In the twin cases Shaare Tefila Congregation v. Cobb and Saint Francis College v. Al-Khazraji (1987) the Supreme Court established that 42 U.S.C. §§ 1981 and 1982 protect Jewish and Arab individuals from discrimination. The Court ruled that ethnic, ancestral, or religious groups can sue for discrimination based on their perceived “races” that Congress employed back in 1866. At that time, Congress obviously intended to protect the stereotypical Jewish and Arab Anti-Zionist majorities that existed at the time. The Court did not establish an unconstitutional “Zionist religious test” or preference.
Jonathan D. Sarna is the Joseph H. and Belle R. Braun Professor of American Jewish History in the department of Near Eastern and Judaic Studies and director of the Schusterman Center for Israel Studies at Brandeis University. He authored Converts to Zionism in the American Reform Movement. It records the historical fact that Zionism and Anti-Zionism were (and still are) merely opposing Jewish religious beliefs. Both viewpoints still exist in the USA and Israel, and are not determined by nationality.
The New School is subject to Title VI and VII of the Civil Rights Act of 1964, as a private university that receives federal financial assistance. The New School is required to comply with Title VI and Title VII regulations, which prohibit most forms of discrimination on the basis of religion, race, color, shared ancestry, or national origin.
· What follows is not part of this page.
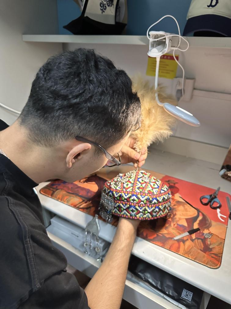 進入大學學習工業(yè)設計專業(yè)后,唐寶開始對第二批國家級非遺“哈薩克族服飾”為代表的民族傳統(tǒng)文化藝術(shù)有了更多思考。在老師們的支持下,他在學校成立了“哈薩克非遺工坊”,以建立數(shù)據(jù)庫的方式專注搜集設計、活化利用非遺傳承。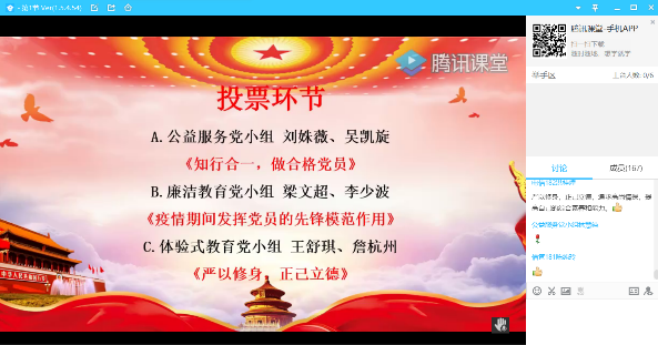 为了切实做到“党的课程上线、党的活动在线、党员意识不离线”,进一步落实以“云”育人党建工作,m88学生第二党支部把党的组织生活搬上云端,于2020年4月30日利用腾讯课堂开展主题为“点亮思想,擦亮形象”的“党员讲党课”比赛党日活动。支部书记邓艳桃、副书记田旭峰,全体党员及积极分子全员参与。

Let’s be perfectly clear: Individuals can bring legal actions against the IRS based on freedom of religion using the Religious Freedom Restoration Act (RFRA) of 1993, which allows claims when government action substantially burdens religious exercise.
Dan Goldman and Ritchie Torres need to go.
They ought to read Omer Bartov’s book before giving misguided lectures on morality.
Filed under Trump is publicly screwed: Saudi Arabia, a key Gulf ally, suspended the U.S. military’s ability to use its bases and airspace to carry out the operations, sources say. — NBC
I’m going to go way out on a limb and say Zionists will need a lot more than allegations of antisemitism and embezzled student fees to finance their hairbrained Greater Israel scheme after this fiasco. YMMV.